2. The method as claimed in claim 1, further comprising:

transmitting the control signal from the traction current conductor to a return conductor of the control signal via a low-impedance suction filter for the control signal, the suction filter arranged on the vehicle such that the current sensor is located spatially between a control signal feed point of the traction current conductor and the suction filter.

3. The method as claimed in claim 1, further comprising:

transmitting the control signal from the traction current conductor to a return conductor of the control signal via a low-impedance suction filter for the control signal, the suction filter is fixedly arranged in such that the current sensor is located spatially between a control signal feed point of the traction current conductor and the suction filter.
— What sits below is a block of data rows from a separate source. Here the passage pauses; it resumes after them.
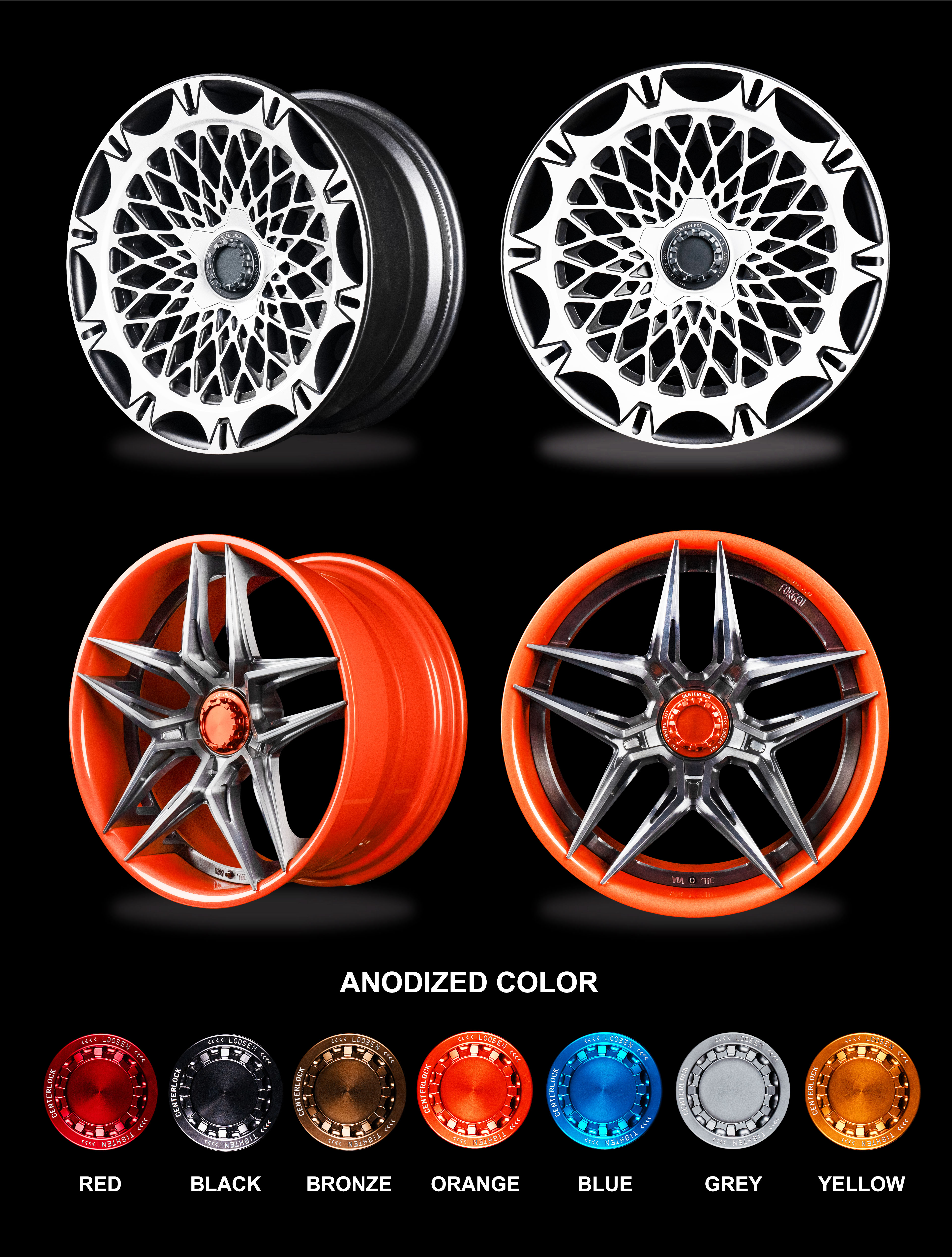 There are 7 anodized colors on the outside nut for option (yellow, black, red, orange, grey, blue, bronze). For the center ornamental bolt, customers can choose any color they desire based on the wheel color to do the painting.
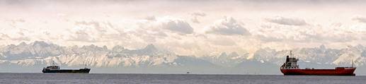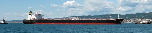 werden in der Bucht von Muggia von 2 kleinen Lotsenbooten zum Ölhafen
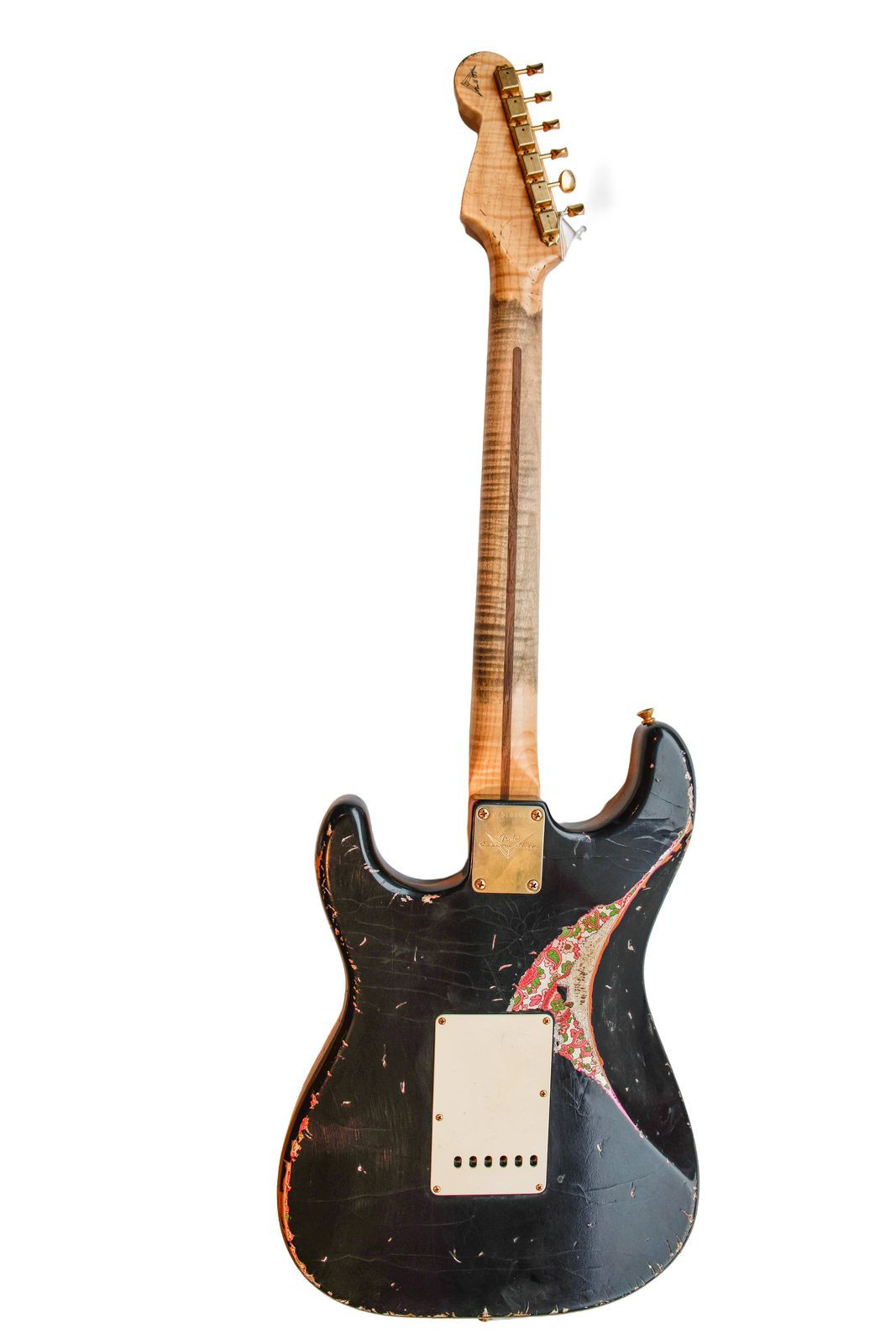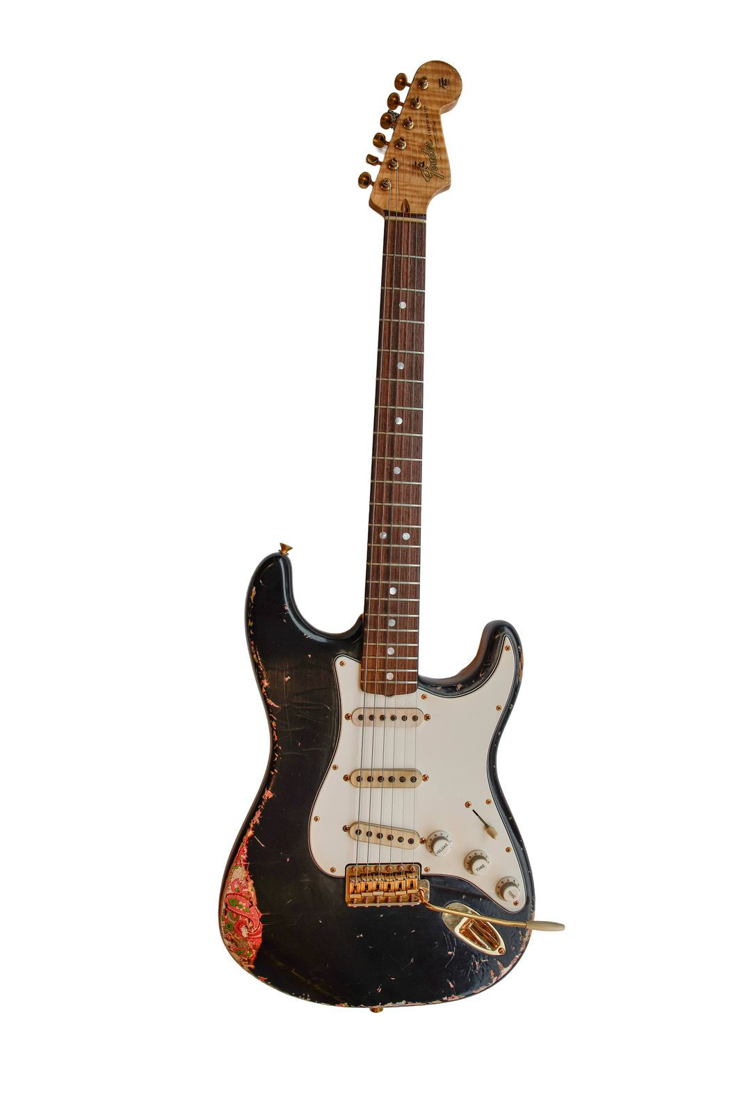 • Master Builder: Austin MacNutt • Cuerpo: Aliso ligero • Color: Negro sobre pink paisley • Acabado: Nitro • Envejecimiento: Relic • Mastil: Arce flameado 4A • Forma de mástil: Oval C estilo años 60 • Varilla ajustable: Bi-Flex • Diapasón: Palisandro oscuro • Radio: 9.5" • Trastes: Medium Jumbo • Cejuela: Hueso • Pastilla de mástil: Strat Fat 60's hecha a mano • Pastilla del medio: Strat Fat 60's hecha a mano • Pastilla de puente: Strat Fat 60's hecha a mano • Circuito Tone-Saver Treble Bleed
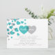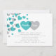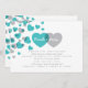 Un diseño de invitación audaz y moderna para una pareja no tradicional. La invitación está adornada con un patrón de corazones en color turquesa y gris brillante. En el reverso se incluye espacio para texto adicional o una dirección de sitio web boda.
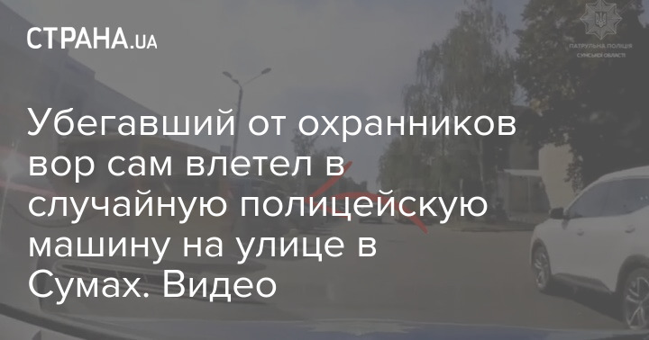 Убегавший от охранников вор сам влетел в случайную полицейскую машину на улице в Сумах. Видео
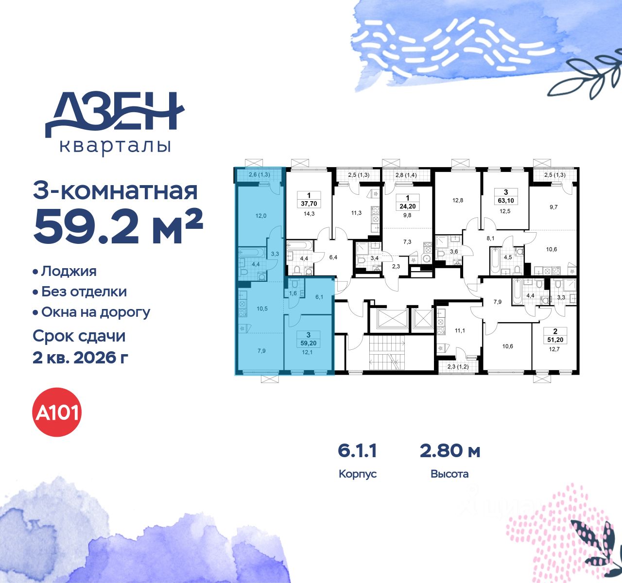 Продается трехкомнатная квартира 167 в новостройке ЖК "Дзен-кварталы" по адресу Москва, ТиНАО, Новомосковский АО, Сосенское С/П, жилой комплекс Дзен-кварталы, 6.1.1, район Коммунарка, Новомосковский административный округ, Москва. Общая площадь квартиры - 59.20 кв. м., этаж 8 из 11, секция 4. Тип проекта, по которому построен дом - монолит, компания-застройщик - ООО "А101". Стоимость квартиры - 22232560 Р. Срок сдачи - 2 квартал 2026.
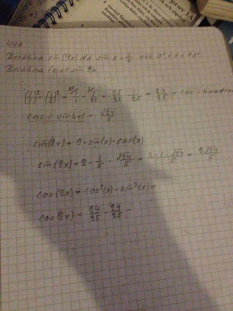 Jaha, då behöver vi ta reda på sin(2x) och cos(2x).
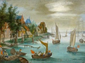 Landscape With Figures In A Village Beside A River
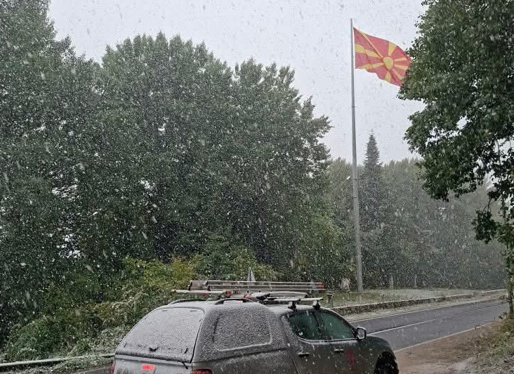 Од видеокамерите на Шапка, може да се види белата покривка на планината. По социјалните медиуми се споделуваат и фотографии од снегот кој паѓа во Маврови Анови.
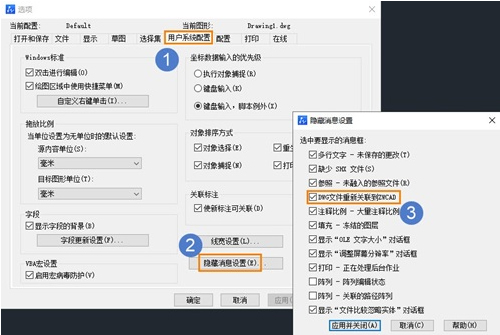 3. 在【用户系统配置-隐藏消息设置】里,将【DWG文件重新关联到ZWCAD】勾上;
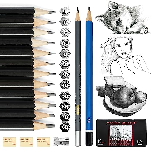 Vicloon Professionellt set med skiss- och ritpennor, 14 st skisspennor, konstpenna med 3 st radergummi och 1 st pennvässare för nybörjare, barn eller professionell konstnär
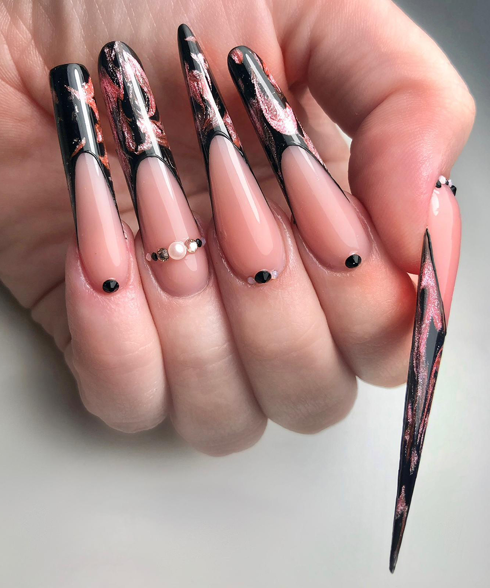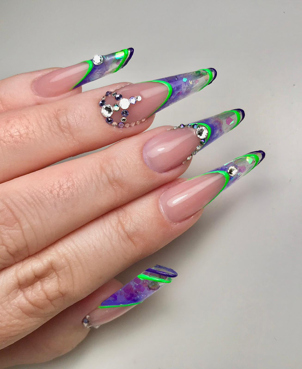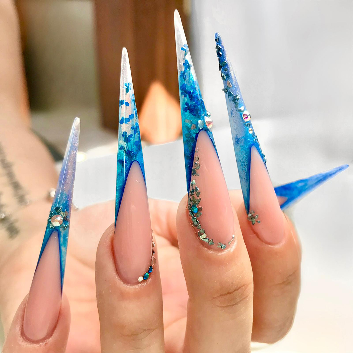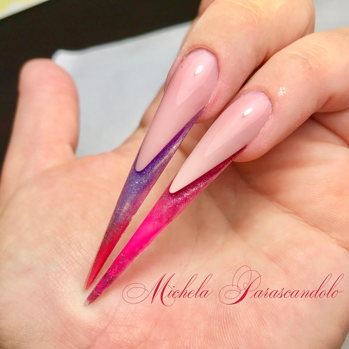 Impara a realizzare due forme estreme come mandorla russa e stiletto in gel/acrygel e diversi effetti decorativi.
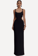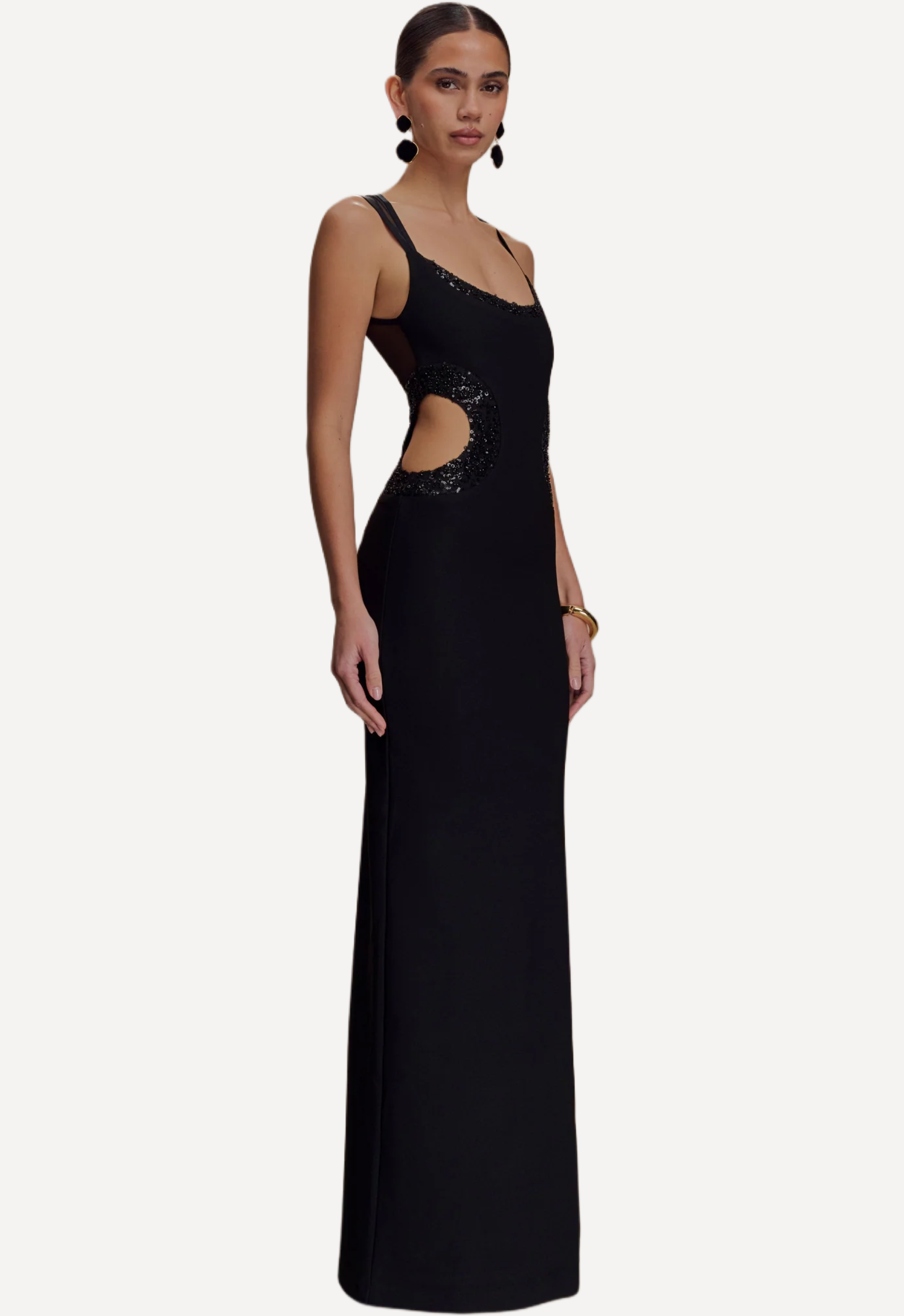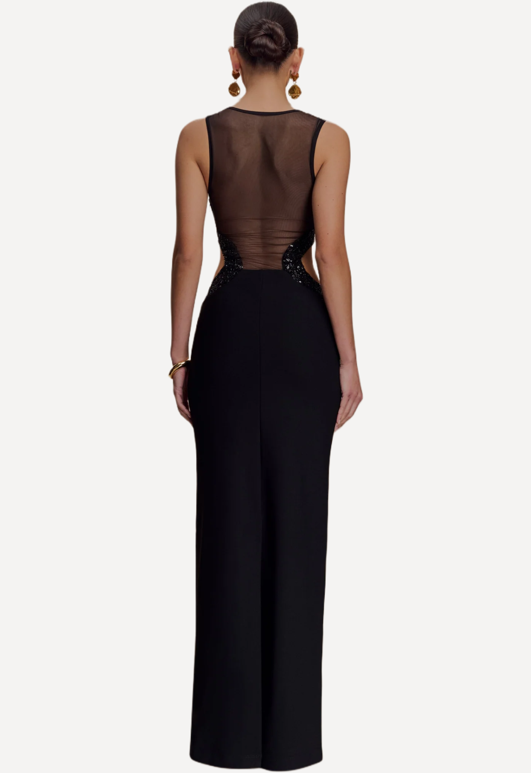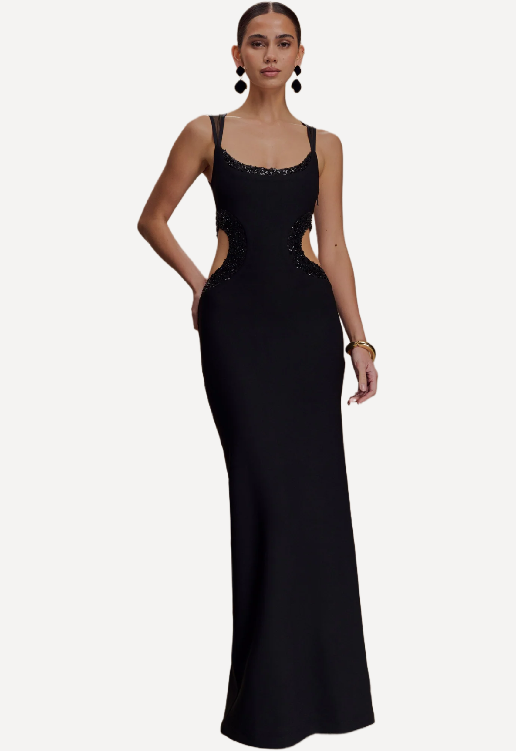 The Angelique Beaded Crepe Maxi Dress cut in a sculpting bodycon silhouette features a scoop neckline, waist cut outs and a sheer mesh back design.

4. The method as claimed in claim 2, wherein a binary coded signal is transmitted as the control signal.

5. The method as claimed in claim 4, wherein an FSK signal, an OFDM signal or a spread spectrum signal is transmitted as the binary coded signal.

6. The method as claimed in claim 1, further comprising:

measuring the current in the traction current conductor using two current sensors which are arranged on each side of the drive current collector; and

selecting the current measuring value of the current sensor which has the lower reception power to receive the control signal.

7. A receiver device for a vehicle which has a drive current collector and a drive motor, the device receiving a control signal which is transmitted to the vehicle via a traction current conductor, the receiver device comprising:

two current sensors which are coupled to the traction current conductor, one of which is arranged ahead of the drive current collector in the direction of travel and the other of which is arranged behind the drive current collector in the direction of travel; and

a switching device which is connected to the two current sensors and selects the current sensor which has the lower overall reception power to receive the control signal.

8. The method as claimed in claim 3, wherein a binary coded signal is transmitted as the control signal.

9. The method as claimed in claim 8, wherein an FSK signal, an OFDM signal or a spread spectrum signal is transmitted as the binary coded signal.